After consulting with a Tuvok who proves to be yet another Changeling, the crew aboard the Titan continues to struggle with their predicament, realizing that they truly are on their own. In the face of the enormity of their position, Jack continues to flirt with Sidney La Forge, but he begins to hear her thoughts. He hears her wonder why he doesn’t touch her hand, so he does. She asks him why he did that, but he has no answer for her.
Picard speculates that the Changelings took his body possibly to recreate a version of him that they can use in their nefarious Frontier Day plot, but someone reminds him that there is one person aboard who can tell him with anything remotely approaching certainty why the Changelings want Picard’s original body. They go to Data, but La Forge explains that while the B4 and Soong personalities exist as memory files, Data and Lore are constantly battling within the body for dominance. La Forge and his daughter wake him up, and Picard tries to ask Data what the Changelings might have wanted. Lore interrupts, and eventually La Forge shuts Data down.

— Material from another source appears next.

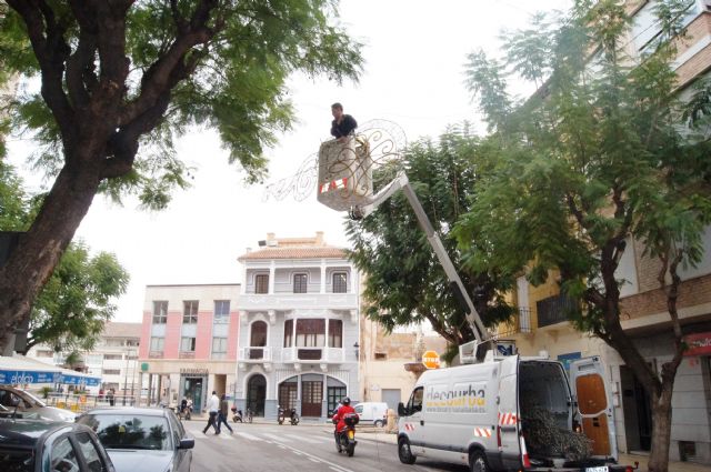 El Ayuntamiento de Totana ha empezado este viernes a colocar el alumbrado de las fiestas patronales de Santa Eulalia y navideño para dar ambiente y realzar las principales calles del centro histórico y zonas de mayor tránsito del casco urbano.

Jack goes to his father to suggest surrendering himself to Vadic because he doesn’t believe he’s worth the sacrifices the remaining crew aboard the Titan might be making. Picard reminds him that surrender isn’t an option, but he does have an idea as to how they can possibly corner Vadic.

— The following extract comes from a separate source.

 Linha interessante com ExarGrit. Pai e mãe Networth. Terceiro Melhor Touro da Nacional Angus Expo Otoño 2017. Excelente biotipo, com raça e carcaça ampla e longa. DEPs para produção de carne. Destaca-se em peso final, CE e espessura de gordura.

Aboard the Shrike, the other Changelings tells Vadic effectively that she’s fungible. The Shrike receives a transmission from a Vulcan ship, broadcasting that they’ve encountered the Titan. The Shrike moves to intercept, and they find the Titan damaged and powered-down. Vadic collects a boarding party and takes a shuttle over to the Titan. Jack greets them once they board, and he and Sidney La Forge lead the boarding party on a merry chase, with the judicious application of a few forcefields.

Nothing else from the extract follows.